ついで書いておくと、この土曜朝のゴミ拾いはブータン人には受けないらしく、「それは良い取組みだ。自分も参加したい」と言ってる奴に限って一度も参加してこないし、辛うじて一度は来てくれた奴も、1カ月も持てば御の字で、やがて誰も来なくなった。ゴミ拾いをやっていると、土曜の朝だから学校に通う子どもたちともよくすれ違うが、彼らは僕らと目を合わそうとはしない。テストの時期になると勉強で忙しいらしく、ノートやテキストに目を落としながら歩いている生徒が多くなるがそれは別の話。

この取組みは始めてからちょうど2年が経過したが、続ければ続けるほど「大都会」ティンプーの嫌なところが見えてきて、つらい気持ちになった。もうやめようかと思ったことも何度かあったが、自分のブータン駐在生活も残り3カ月足らずとなり、ゴールも見えてきたので、もうちょっと頑張ろうと気持ちを奮い立たせているところである。

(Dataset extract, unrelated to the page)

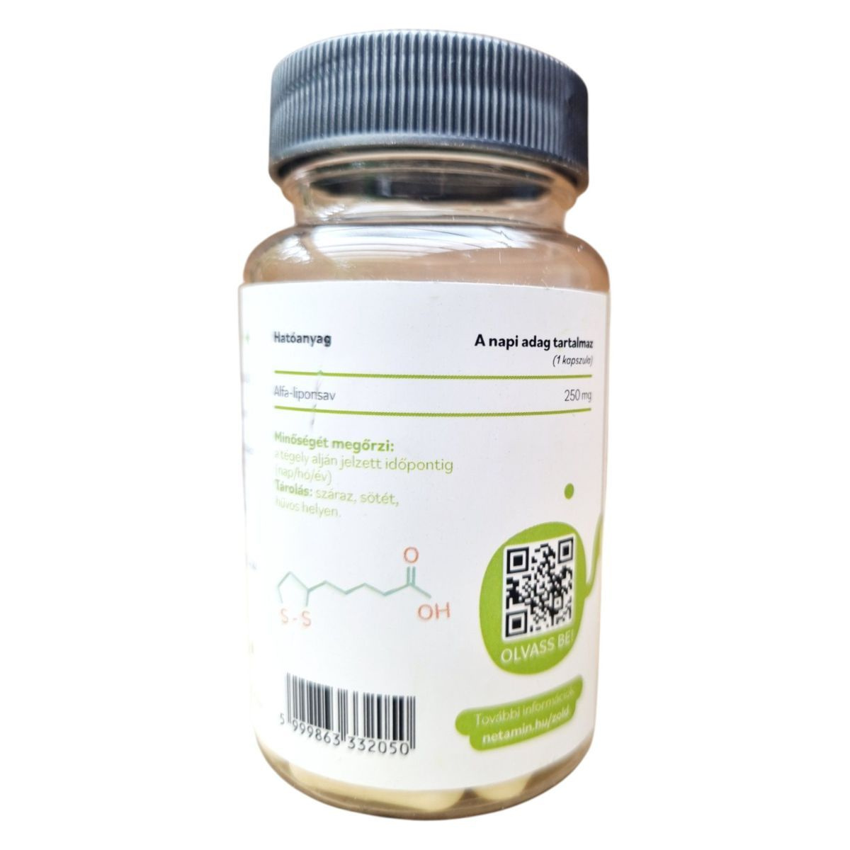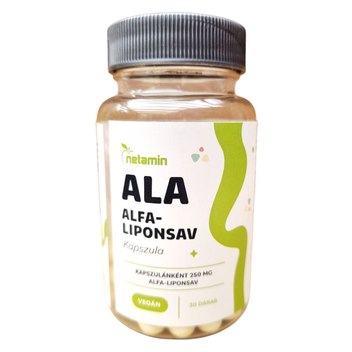 A Netamin Alfa-liponsav kapszula egy 100% vegán étrend-kiegészítő, amely kapszulánként 250 mg alfa-liponsavat tartalmaz. Az alfa-liponsav antioxidáns tulajdonságai révén hozzájárulhat a szervezet egészségének támogatásához. A termék mikrokristályos cellulózt és növényi kapszulahéjat tartalmaz, és csomósodást gátló anyagokkal van kiegészítve. A kapszulák napi egy alkalommal, lehetőleg két étkezés között javasoltak. Fontos, hogy az ajánlott napi adagot ne lépje túl, és az étrend-kiegészítő nem helyettesíti a vegyes étrendet és az egészséges életmódot. A terméket száraz, sötét, hűvös helyen kell tárolni, és gyermekek elől elzárva tartani. A terméket a Natural Herbal Kft. forgalmazza.

最近、たまたま1990年前後のノルジンラムや時計塔広場の写真を見せてもらう機会があったが、印象的だったのはゴミが全然落ちていないことだった。プラスチックやビニールといったゴミがまだそれほどなかった時代だったのだろう。ゴミの構成が変化して来たのに人々の生活習慣がそれについていけてないというのもあるのだろうが、それにしても30年あれば、政府側と市民側双方がその気になれば制度は変えられた筈だ。

こういう記事を読んで、少しでも感じてくれる人が出てきてくれたら嬉しい。今年の建国記念日式典における国王のメッセージは公務員の意識改革にあったみたいだが、公務員だけが意識を変えれば社会が良くなるというものでもないと思う。「公」の責務を負う部分は市民サイドにもある筈。市民も変わらないと、ゴミ問題ではいつまで経っても「捨てる側」と「拾う側」とを明確に分ける思考から脱却できない。いつか、ゴミ問題を国民に向けたメッセージとして取り上げてもらえないものかと思う。